Due to the higher capital costs of ceramic membranes, the flux is pushed higher through the use of aggressive hydraulic cleaning designs. Recirculation is common for ceramic membrane systems, especially for high TSS and oily waste applications. With these designs, there is typically a concentrate bleed rate that sets the recovery rate of the system. The crossflow velocity reduces the rate at which suspended solids build up on the membrane surface. Periodically, a backwash cycle is employed to reverse the direction of permeate flow while the crossflow stream continues to operate. The periodic backwash moves suspended material off the membrane surface where it is swept away by the high crossflow in the channels. This backwash method is often driven by compressed air, either directly or through a diaphragm, to deliver a fast step change increase in both pressure and flow for short durations (Hofs et al. 2011).

Typical crossflow velocities for ceramic UF/MF membranes is up to 4 m/s (Guerra & Pellegrino 2012). To achieve this velocity with relatively wide capillary channel diameters (2–3 mm), the recirculation rate is often 10 to 35 times higher than the filtration flow rate. System designs with such high crossflow rates typically have some membranes in series to minimize the associated pumping costs. For a system with a feed flow of 114 m³/hr producing 108 m³/hr of permeate, even with two modules in series a recirculation rate of 636–1,930 m³/hr is required to reach a crossflow velocity of 1–3 m/s. For small-scale systems with high fouling potential or high suspended solids the crossflow design can be effective. However, it is generally more expensive considering the additional crossflow pumps and associated energy costs.

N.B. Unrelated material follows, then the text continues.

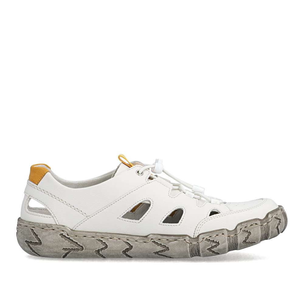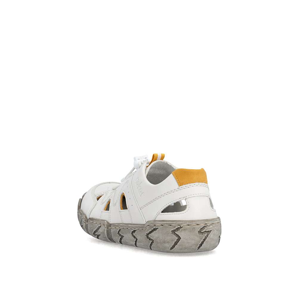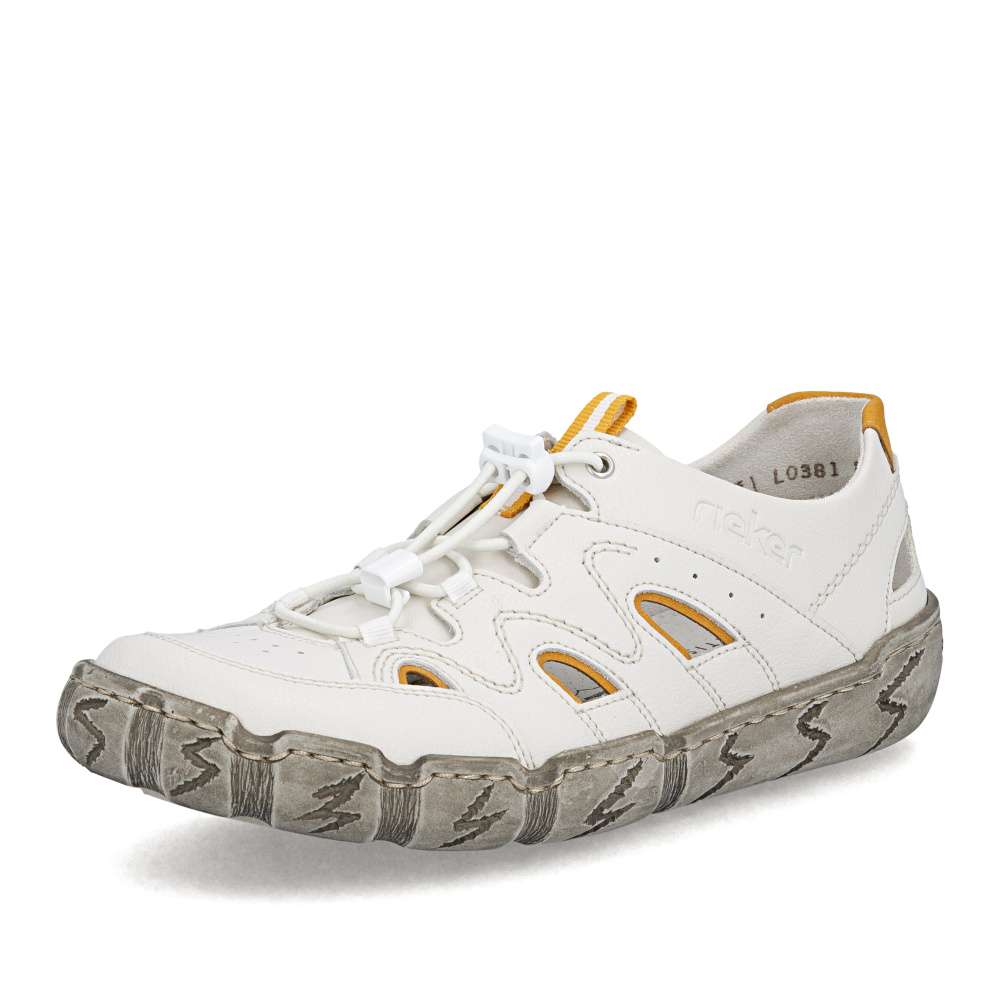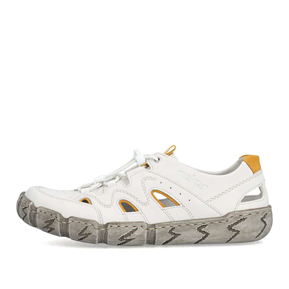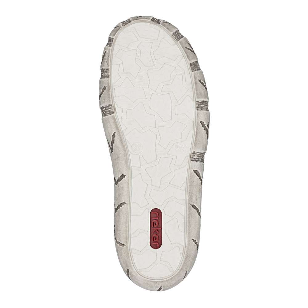 Tyto boty RIEKER jsou ztělesněním stylu, komfortu a prémiového designu. Jejich bílý svršek je ozvláštněn výrazným perforovaným vzorem a barevně kontrastními aplikacemi, které dodávají modelu nepřehlédnutelný charakter. Praktická gumička se stahujícím prvkem na nártu umožňuje snadné nazutí a zároveň zajišťuje dokonalé přizpůsobení tvaru chodidla. Kožená stélka poskytuje pocit měkkosti a optimální oporu, zatímco flexibilní podešev přirozeně kopíruje pohyb nohy a tlumí nárazy, čímž zaručuje komfort po celý den. Ať už kráčíte městem, cestujete nebo trávíte čas ve volnočasových aktivitách, každý krok v těchto botách působí stylově.
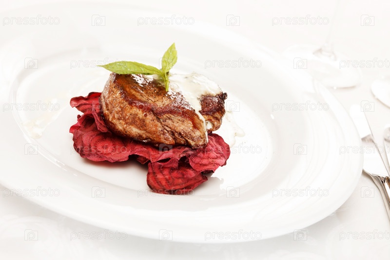 Стейк на свекольных чипсах

With increasingly more competitive ceramic prices there are now references for ceramic membrane systems designed for dead end filtration for mainstream drinking water and wastewater reuse applications (Hattori 2010). Typically the process design is dead end filtration mode and the hydraulic cleaning method will employ a high pressure, high flow backwash for short durations, with compressed air as the motive force. In some cases the system designs also use compressed air to purge the dislodged solids from the capillary channels in a fast draining step. While these high pressure hydraulic cleaning methods are very effective for ceramic membranes, they do represent design and cost challenges to the overall system. Compared to a polymeric UF/MF system designed with nearly 100% plastic piping, a ceramic system using compressed air and high rate backwash would require a substantial amount of larger diameter steel piping and this can be a significant system level cost difference and increase in system complexity.

This work involved a series of experiments to evaluate different methods of hydraulic cleaning to optimize the balance between design flux and the hydraulic cleaning system expense considerations. This was conducted to determine whether there could be operational conditions where it would be both technically and financially feasible to replace polymeric hollow fibre modules with ceramic membrane by using hydraulic cleaning methods more similar to those found in polymeric systems. The experimental work is augmented by financial projections to highlight the effect these operation conditions have on plant economics.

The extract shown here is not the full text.